Recognizing a 1990s interval of cultural Hibernophilia, Frank McCourt wrote The Irish… and How They Got That Way, which premiered in 1997 at the Irish Repertory Theatre, where McCourt had previously acted. The play combines primary documents, such as news, letters, photos, paintings, and journals, either in spoken words or in projections upon the backdrops to illustrate the Irish-American struggle over the prior 150 years.

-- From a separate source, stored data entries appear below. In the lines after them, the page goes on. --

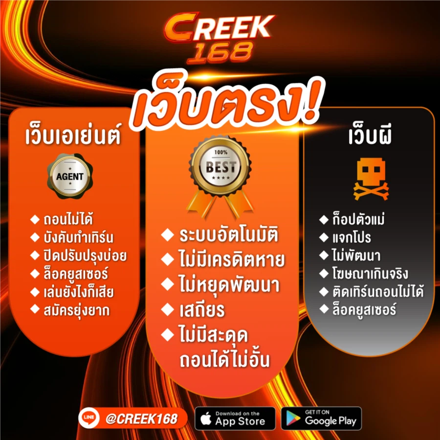 CREEK168 เว็บพนันออนไลน์ระดับพรีเมียมที่เปิดให้บริการอย่างครบวงจร นำเสนอประสบการณ์การเดิมพันที่หลากหลายตั้งแต่คาสิโนสด สล็อต กีฬา และเกมส์พนันรูปแบบต่างๆ ด้วยระบบที่ทันสมัย รองรับการใช้งานทั้งบนคอมพิวเตอร์และมือถือ พร้อมระบบฝาก-ถอนอัตโนมัติที่รวดเร็วตลอด 24 ชั่วโมง การันตีด้วยมาตรฐานระดับสากลและใบอนุญาตการเล่นพนันที่ถูกกฎหมาย มอบความปลอดภัยสูงสุดให้กับสมาชิก พร้อมโปรโมชั่นและสิทธิพิเศษมากมายที่จัดเตรียมไว้ต้อนรับนักพนันทุกระดับ ตอบโจทย์ความต้องการของผู้เล่นที่ต้องการความสะดวกสบายและความคุ้มค่าในการเดิมพัน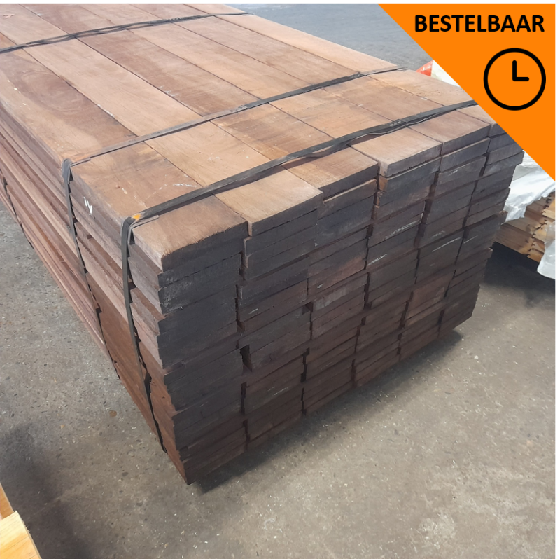 Hardhouten beschoeiingsplanken, deze planken worden veel gebruikt als beschoeiing langs de waterkant of bijvoorbeeld voor borderranden en grondkeringen in de tuin. Deze planken zijn niet geschaafd en daardoor minder/niet geschikt als vlonder- en/of meubelhout. In dat geval kun je beter kiezen voor hardhouten vlonderplanken.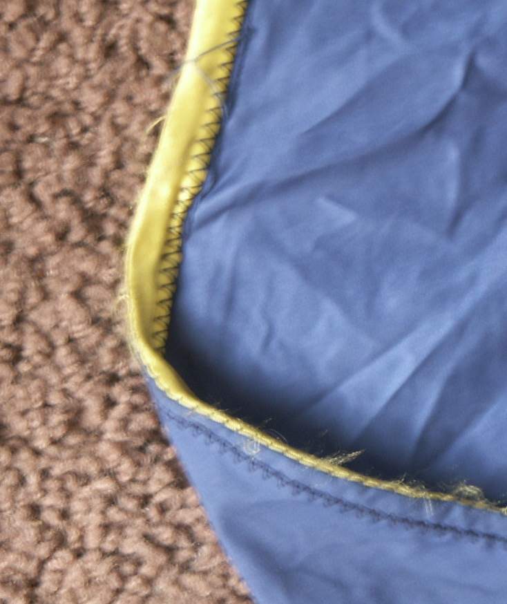 1. Шнур вшит по всему периметру и по стыку полотнишь где идет строповка (шнур - у меня был бельевой шнур, он именно вшит, т.е. пристрочен прямыой строчкой к краю полотнища);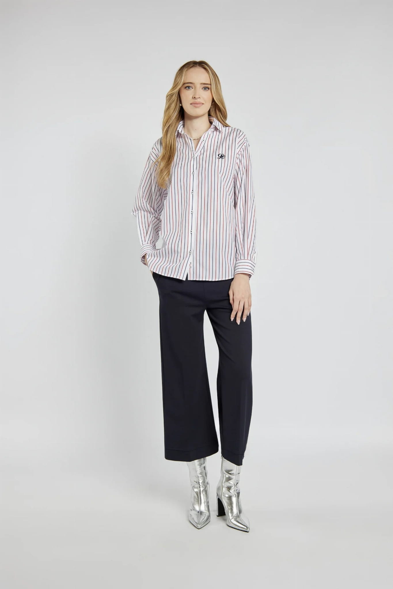 ⇒ Koszula jest zapinana na guziki, podobnie mankiety.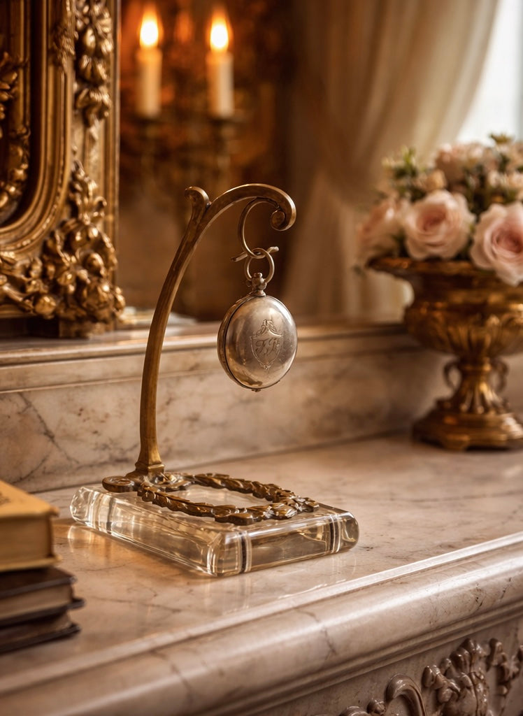 La struttura si solleva con una curva morbida, quasi botanica, e termina in un ricciolo che accoglie l’orologio. È un gesto elegante, naturale, senza rigidità. L’elemento non negoziabile qui è la combinazione vetro pieno + struttura decorativa vegetale.

Press notes described it as an "irreverent but affectionate history of the Irish in America that mingles laughter and sentiment in a tapestry of classical songs and stories. The production encapsulates the most tumultuous times of the past century with the vibrant humor and bitter irony that had become the trademark of the author."

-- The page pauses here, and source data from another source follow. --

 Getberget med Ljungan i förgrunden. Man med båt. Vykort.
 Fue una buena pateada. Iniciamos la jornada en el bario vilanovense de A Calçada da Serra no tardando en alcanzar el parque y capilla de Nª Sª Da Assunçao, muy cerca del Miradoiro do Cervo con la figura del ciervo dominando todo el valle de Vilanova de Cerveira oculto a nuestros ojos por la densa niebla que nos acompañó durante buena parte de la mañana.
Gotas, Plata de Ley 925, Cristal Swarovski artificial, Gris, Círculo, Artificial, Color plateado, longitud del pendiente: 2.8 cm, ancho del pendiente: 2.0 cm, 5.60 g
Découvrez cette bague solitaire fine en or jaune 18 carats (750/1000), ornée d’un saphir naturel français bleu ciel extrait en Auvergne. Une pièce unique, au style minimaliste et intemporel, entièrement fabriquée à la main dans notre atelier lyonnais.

The show was revived at the same theatre in 2000, and again in 2010 for the one-year anniversary of McCourt's death on July 19. Previewed from July 14 and scheduled to run from July 22 to September 5, the show was extended through September 26 due to enthusiastic reviews and responses.

== Reception ==
Broadway World summarized the play's reviews:The Associated Press' Jennifer Farrar called The Irish… and How They Got That Way "pure enjoyment ... an exuberant, mostly Irish cast enacts McCourt's wide-ranging material that sizzles with outrage, wit, pride, and of course, sentiment." For NY1, Time Out's David Cote proclaimed: "The cast of two men and four women put on a spirited, jaunty show by alternating singing, dancing and reciting with fluid ease in Charlotte Moore's brisk, affectionate staging." In his The New York Times review, Andy Webster observed "the buoyant blend of traditional songs, show tunes and pop is delightful." According to Theatermania.com's David Finkle, the revival is "a fitting tribute to everything Irish." In the New Yorker, Trish Deitch wrote "the production, directed by Charlotte Moore, is full of confidence and humor, and with the help of a talented cast, the Irish come out on top." And in her CurtainUp.com review, Elizabeth Ahlfors concluded "all that was missing was a pint of Guinness."

== Cast and credits ==

Notable cast and credits included:
- Frank McCourt, playwright
- Charlotte Moore, director, artistic director
- Rusty Magee, musical director, musical arrangements
- Kevin B. Winebold, musical director, accordion, piano, ensemble
- Irish Repertory Theatre, producer
- Terry Donnelly, ensemble (alto)
- Bob Green, ensemble
- Donna Kane, ensemble
- Ciarán Sheehan, ensemble (tenor)
- Michael Gottlieb, lighting designer
- Shirley Herz Associates, press representative

== Performances ==

| Venue | City | Season |
|---|---|---|
| Irish Repertory Theatre | Chelsea, New York | 1997 |
| Irish Repertory Theatre | Chelsea, New York | 1999 |
| Irish Repertory Theatre | Chelsea, New York | 2000 |
| The Fulton Opera House | Lancaster, Pennsylvania | 2006 |
| Irish Repertory Theatre | Chelsea, New York | 2010 |
| Ivoryton Playhouse | Essex, Connecticut | 2011 |
| Somerville Theatre | Somerville, Massachusetts | 2013 |

== Songs ==

The musical incorporates the following Irish-American music:
- "Danny Boy"
- "Erie Canal"
- "Finnegan's Wake"
- "Galway Bay"
- "The Ghost of Molly McGuire"
- "Has Anybody Here Seen Kelly?"
- "I'll Take You Home Again, Kathleen"
- "I Still Haven't Found What I'm Looking For"
- "Johnny I Hardly Knew Ye"
- "Mother Machree"
- "No Irish Need Apply"
- "Over There"
- "The Rare Old Times"
- "The Rose of Tralee"
- "Shores of Amerikay"
- "Skibbereen"
- "Too-Ra-Loo-Ra-Loo-Ra"
- "Who Threw The Overalls in Mrs. Murphy's Chowder?"
- "You're a Grand Old Flag"

A cast album was released in 1998 by Varèse Sarabande.